Eugene had been keeping an eye on the lab from a safe distance down the corridor. As soon as Jon left, Eugene went right over to Jon’s computer. He turned it on, called up the program Sasha had left Jon, and then the program Sasha had left on Jon’s computer for Eugene. He smiled broadly.
He Skyped Sasha. “I think we can move on to our next couplet now,” Eugene told her. “The Jons seem to have reached their equilibrium.”
“Good,” Sasha said. “Took the Jon in the other universe long enough.”
“Yeah, we need to look into that, could be an important data point,” Eugene said. “The soda on the keyboard was of course my doing—part of our protocol for seeing what happens when real life throws in a monkey wrench. But I can’t figure why the computer techie was taking so long.”
“Could be another monkey wrench—unexpected. Could be he ran some diagnostic and found something unusual about our program,” Sasha said.
“It’s supposed to be self-disguising to the usual scans.”
“I know. You should get the computer out of his hands in any case,” Sasha said.

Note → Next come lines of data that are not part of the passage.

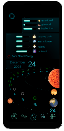 Система объединяет точную математику и небесные циклы для ежедневного самонаблюдения. Она не предсказывает будущее и не дает прямых инструкций. Вместо этого она подсвечивает закономерности и тенденции, помогая вам планировать жизнь более осознанно.
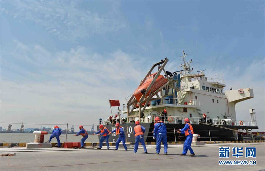 在长江岸线南通段一处港口码头,一艘货轮锚定后,工作人员合力牵引岸电连接电缆(6月2日摄)。
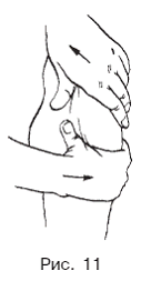 Ординарное разминание является наиболее простым и доступным видом. Оно имеет две фазы выполнения. Сначала тело мышцы плотно обхватывается пальцами по ходу мышечных волокон и слегка приподнимается (рис. 11). Большой палец и остальные четыре устремляются навстречу друг другу. Они выполняют вращательное движение, двигаясь по коже вперед. Во второй фазе пальцы возвращаются в исходное положение, но мышца не отпускается. Повторив движения несколько раз, массажист переходит на другой участок и выполняет те же самые движения до тех пор, пока не будет промассирована вся зона верхней части спины. При этом ладонь должна быть все время плотно прижата к коже. Мышца обхватывается настолько плотно, что между пальцами и кожей не остается никакого зазора. Это также способствует более глубокому массированию. Пациент должен хорошо чувствовать воздействие от разминания, так как оно выполняется не поверхностно, а глубоко.
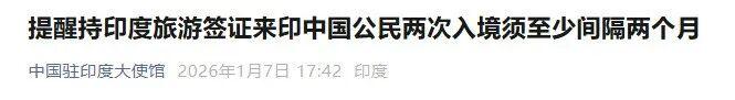 1月7日,據“中國駐印度大使館”官微消息:近日,多名持印度旅遊簽證來印中國公民因兩次入境印度時間間隔未滿2個月,被印方拒絕入境並勸返。根據印方有關規定,持旅遊簽證入境印度,兩次入境之間須至少間隔2個月。印方所發旅遊簽證並未加註該項規定,但如違反,入境時將面臨被退運勸返的風險。
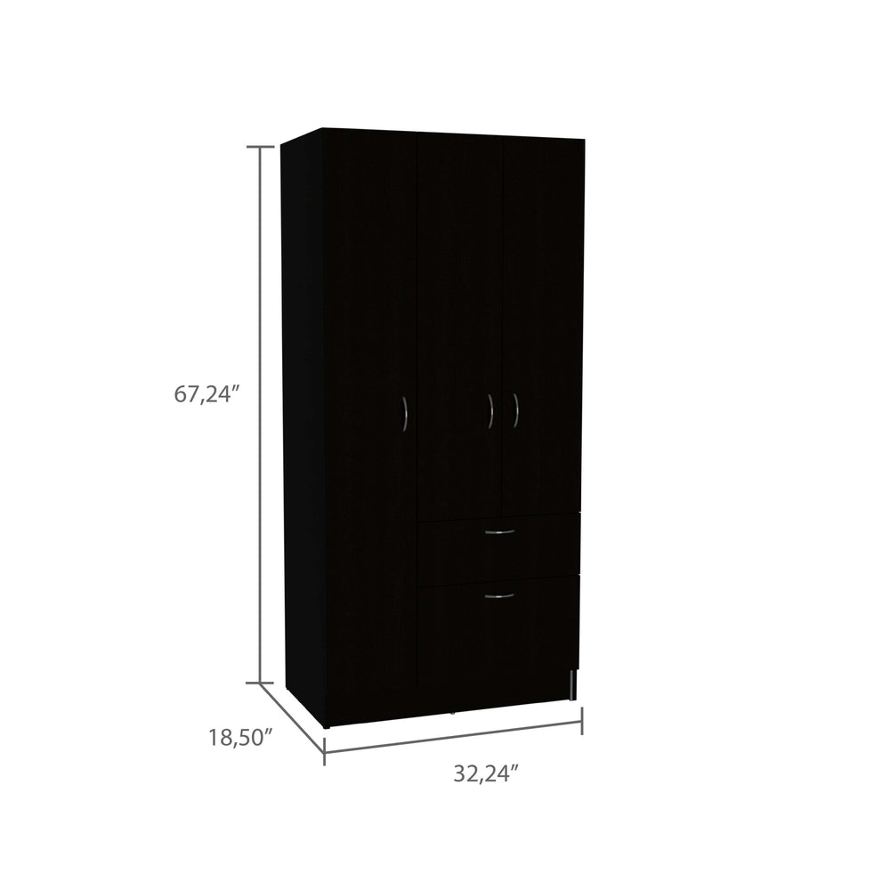 • Compact Dimensions: Armoire measures 18.5 inches (47 cm) deep, 32.2 inches (82 cm) wide, and 67.2 inches (171 cm) tall, fitting neatly into bedrooms.

“Yeah, the tech center should be closing in under an hour. That’ll be my next stop today.”
“Good.”
“Meanwhile, you proceeding well with Professor Ramapuram out there?” Eugene asked.
“Yah.” Sasha nodded.
“Excellent. I’ve been accepted as his grad assistant in the fall. You leave him the code at the end of this term, and move on to another school. I’ll come out there to keep watch and we’ll be in business, just as with Jon and the others.”
“Goodman will likely be calling me, to get a little more clarity on what’s been happening to him.”
Eugene laughed. “Tell him the usual. You stumbled on to this program with the quantum mechanical app, wasn’t really sure what it could do, so you left it in his wiser hands. Give him your heartfelt apology for not telling him more up front. . . . He’d need a nova of light to understand what’s really happening. Hey, we’re not much better, are we?”
“But I’ll shut him down, tell him the program is unstable, that I need to do much more work on it before I set it loose again—give to anyone as a present,” Sasha said.
“Right,” Eugene said, and his eyes were thoughtful. “You think our alternates, Eugene and Sasha in the parallel universe, are having something like this same conversation right now?”
Now Sasha smiled. “I’ll do you one better: you think there may be another group of happy researchers, much like us, in yet another parallel universe, and they’re running us, testing our responses, just as we’ve been doing with the Jons?”